New vehicle sales were down 48% last week and that’s pretty good, according to J.D. Power.

New car sales were down by about 48% last week as the coronavirus pandemic continued to take its toll – but that actually was the good news, according to J.D. Power analysts whose earlier forecasts predicted U.S. demand was likely to tumble by as much as 80% for all of April.

While there are numerous uncertainties yet to play out, starting with what happens as states begin lifting lockdown orders and automakers begin ramping up production again, but there are clear signs that the car market may now be past the worst.

“After many weeks of the market turning downward,” said Power Analyst Tyson Jominy, “what we’re seeing is a flattening (of the downturn) and indications the retail market is in recovery.”

(European auto sales fell more than 50% in March.)

How long that recovery will take is far from certain, cautioned Jominy and other Power analysts who joined him Wednesday afternoon in a media call. What remains clear, they said, is that it will still be months before new vehicle sales come back to levels that had been anticipated before the pandemic.

Power analysts are predicting sales will drop below 14.5 million units – at least – for 2020.

Just through July, the industry is still expected to lose as much as 1.8 million sales compared to what Power and other analysts originally had forecast — 2020 expected to see a modest dip, to around 16.8 million vehicles compared to last year’s sales of 17.1 million new cars, trucks and crossovers.

In a statement, Power revised its official forecast for 2020 sharply downward, saying, “The 2020 full-year outlook for total sales is now 12.6 to 14.5 million.” At the low end, that would be the sort of number last seen during the depths of the Great Recession a decade ago.

Power has been closely following automotive sales trends using its PIN network which accesses real-time sales data from thousands of dealers across the country. During an hour-long webinar, the research firm noted that 24 of the top 25 U.S. regional markets showed improvements during the week ending April 19, but there were significant differences from one region to another.

In Detroit, where sales came to a virtual stop last month as it became clear the city was experiencing one of America’s worst COVID-19 outbreaks, sales showed some “resilience” last week, according to Jominy, though they were still off 85% from what was expected pre-pandemic.

Dallas, on the other hand “performed very soundly,” he added, with sales off a much more modest

Automakers are working hard to salvage as many new vehicle sales as possible.

20% for the week.

The rebound also varied widely depending on product segment.
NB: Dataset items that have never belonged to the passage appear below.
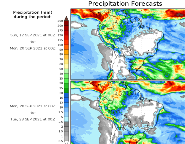 El pronóstico Hidrometeorológico del Centro Climático de referencia indica una tendencia semanal de poca significancia hidrológica en la cuenca de interés para la CHY con dispersión geográfica según sea la fuente consultada. (Ver gráfico Nro. 1).
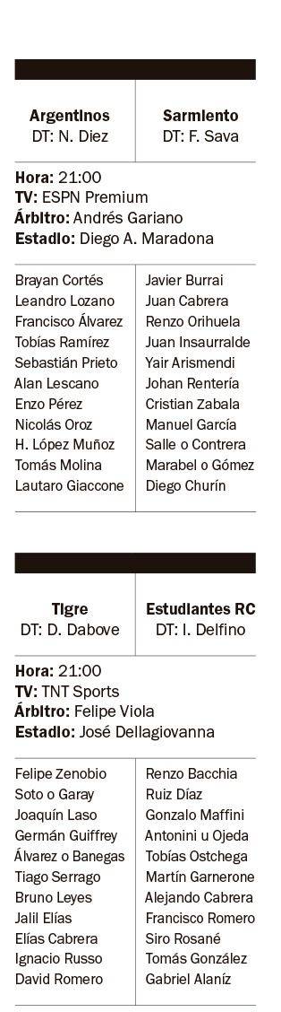 Por su parte, Tigre y Estudiantes de Río Cuarto jugarán hoy a partir de las 21 en el Estadio José Dellagiovanna. El elenco de Victoria abre una temporada en la que disputará triple competencia frente al flamante recién ascendido. Justamente, Estudiantes de Río Cuarto hará su estreno en la máxima categoría, cuyo principal objetivo para esta temporada es mantener la categoría.
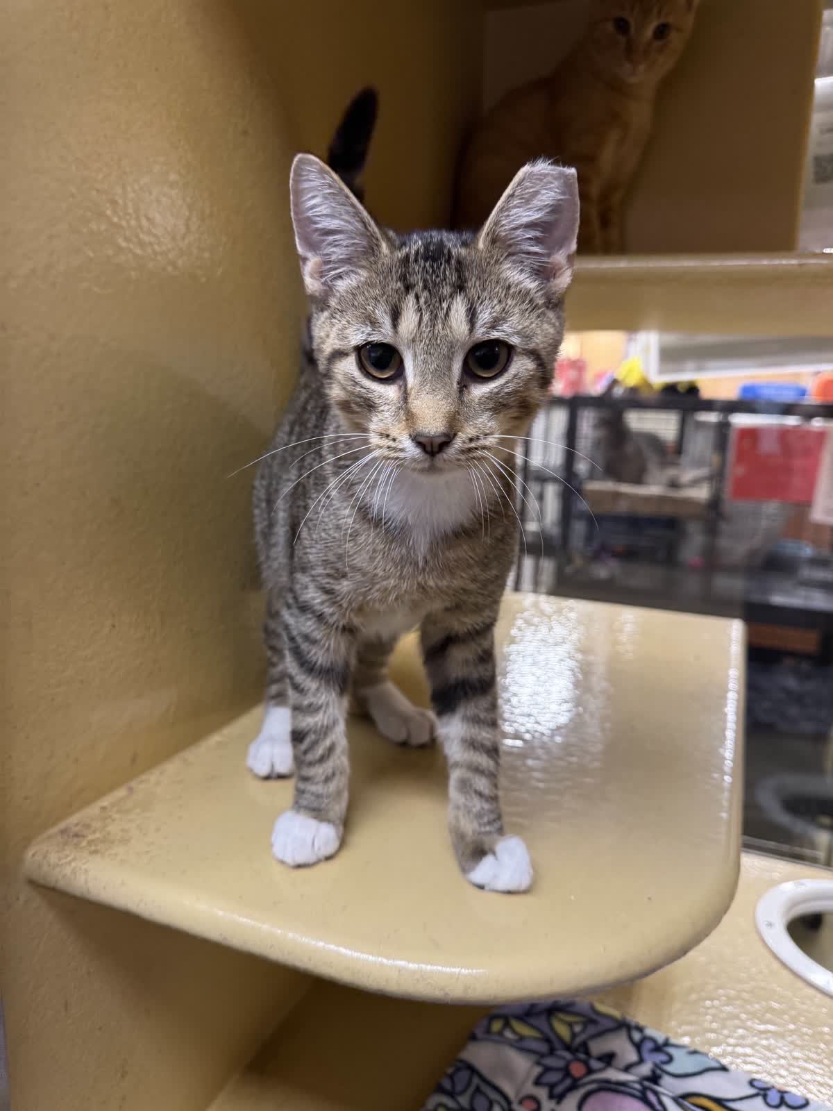 He’s playful, curious, and always up for a cuddle after a good round of zoomies. Whether he’s chasing toys or curling up in a sunny spot, Arlington brings joy wherever he goes. If you’re looking for a healthy, affectionate kitten who’s ready to grow up by your side, Arlington is waiting to meet you!
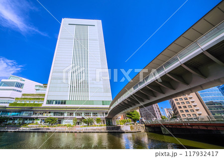 JR桜木町駅前 大岡川の歩道橋と横浜市庁舎のビルディング

Luxury sales remained down by more than half – in part reflecting the slow return to the market by lease customers. Compact car sales were off by 60%. As has been the case for the past month, demand for pickups all but defied the overall industry downturn, lagging just 16% behind original, pre-pandemic forecasts.
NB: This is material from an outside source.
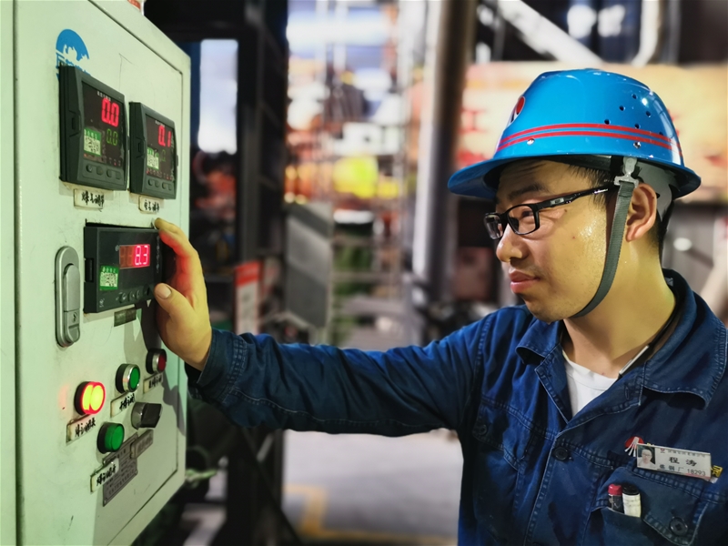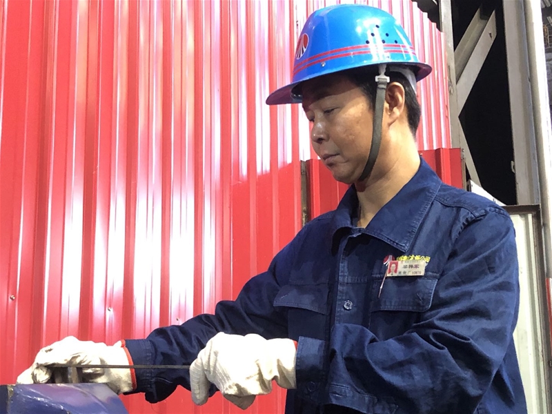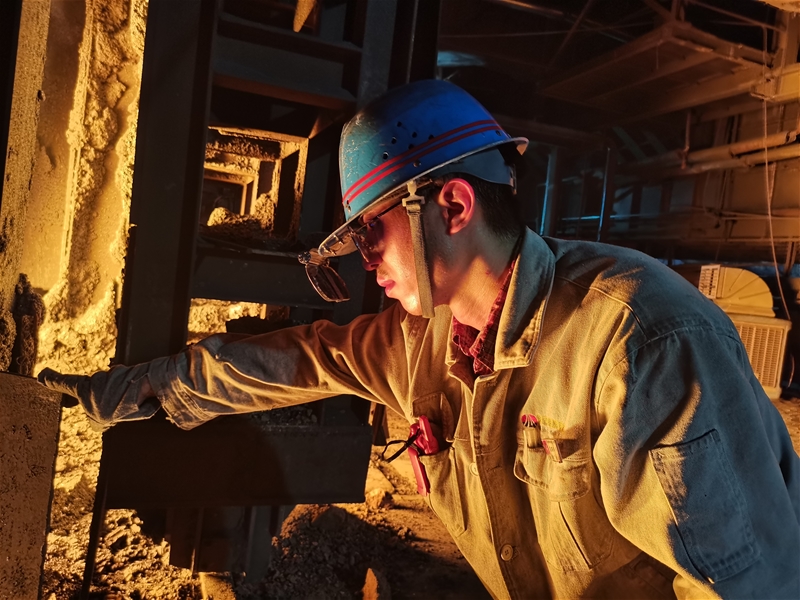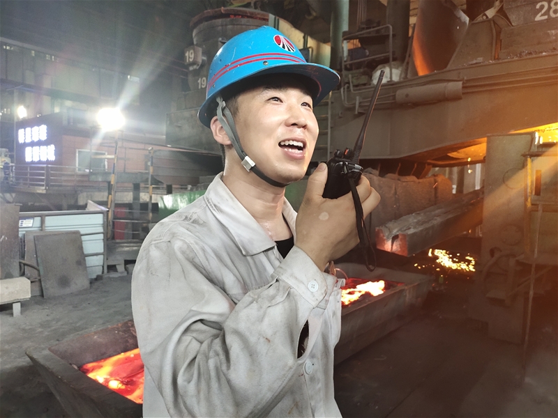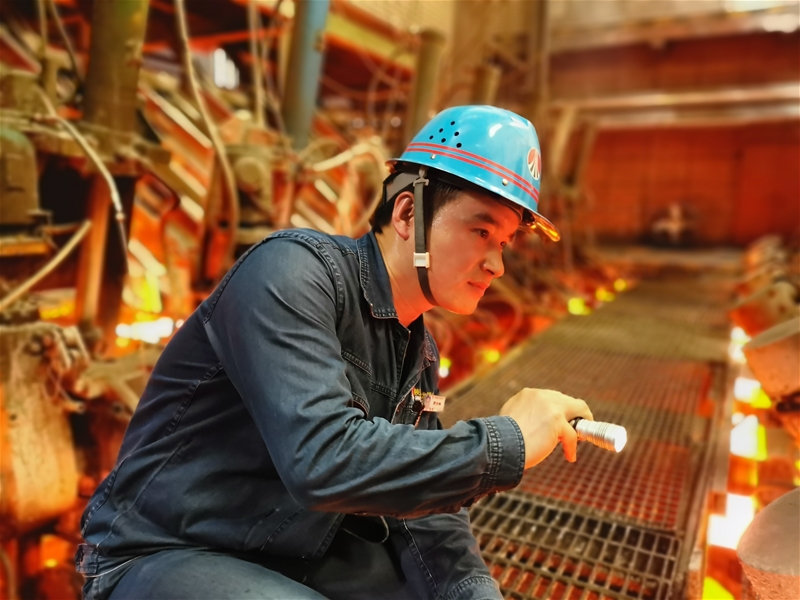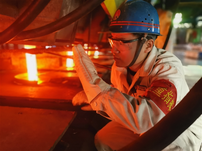 圖八:煉鋼廠連二作業(yè)區(qū)6#連鑄機(jī)中包工何武濤正在對在線水口、機(jī)件進(jìn)行檢查。面對眼前1500℃的鋼水,他眼戴護(hù)目鏡,身穿阻燃服,在汗流浹背中守護(hù)著安全生產(chǎn)。

(U.S. car sales tumble sharply — but not as bad as originally feared.)

Last week’s upturn was clearly helped by the fact that dealers in all 50 states are now authorized to sell vehicles again – 24 in showrooms, the other 26 online.

The rebound also reflected the money that manufacturers are using to lure in buyers. On average, new vehicles carried $4,700 in incentives, off a mere $100 from the week before. On some products, such as pickups, the givebacks topped $7,000. Tellingly, nearly one in four buyers opted for the 84-month, zero-interest loans that are becoming commonplace.

A new J.D. Power/LMC Automotive forecast shows that global auto sales will remain significantly depressed for all of April.

Detroit automakers were quick to go with high-value givebacks, particularly on their high-profit pickups, something that has helped them regain market share at levels not seen in a decade.

If anything, look for the deals to get even more lucrative, particularly from foreign-owned brands, said Power’s Chief Data Officer Thomas King. “We’re starting to see manufacturers be a bit more aggressive,” he added, “to make sure they have offers compelling to buyers coming back to market.”

The hefty incentives on new vehicles may actually pose problems on the other side of the car market, said Jonathan Banks, vice president of vehicle valuations and analytics at J.D. Power Valuation Services. For many traditional used car customers, the deals may lure them to switch to something new.

At the same time, “the better the deal on the new, the more the prices on used vehicles are depressed,” creating challenges for used car dealers, said Banks, forecasting that previously owned vehicles could see prices tumble by anywhere from 8 to 16% in the coming months.

Ironically, the pandemic could work in the favor of both new and used car dealers, Banks suggested. Even as the country prepares to come out of lockdown, studies show the majority of Americans are worried about future outbreaks. As a result, predicted Banks, “Consumers are going to migrate away from shared riding and mass transportation” towards using their own vehicles. And for those who don’t now have a family car they may now choose to buy one.

(Post-pandemic, global auto sales still likely to remain tanked through 2021.)

The course of the coronavirus has been difficult to predict, as has its effects. The coming weeks, as more and more states lift shelter-in-place and business closure orders, could yet bring some surprises. That includes the possibility of new and renewed outbreaks which could toss all forecasts into the wind.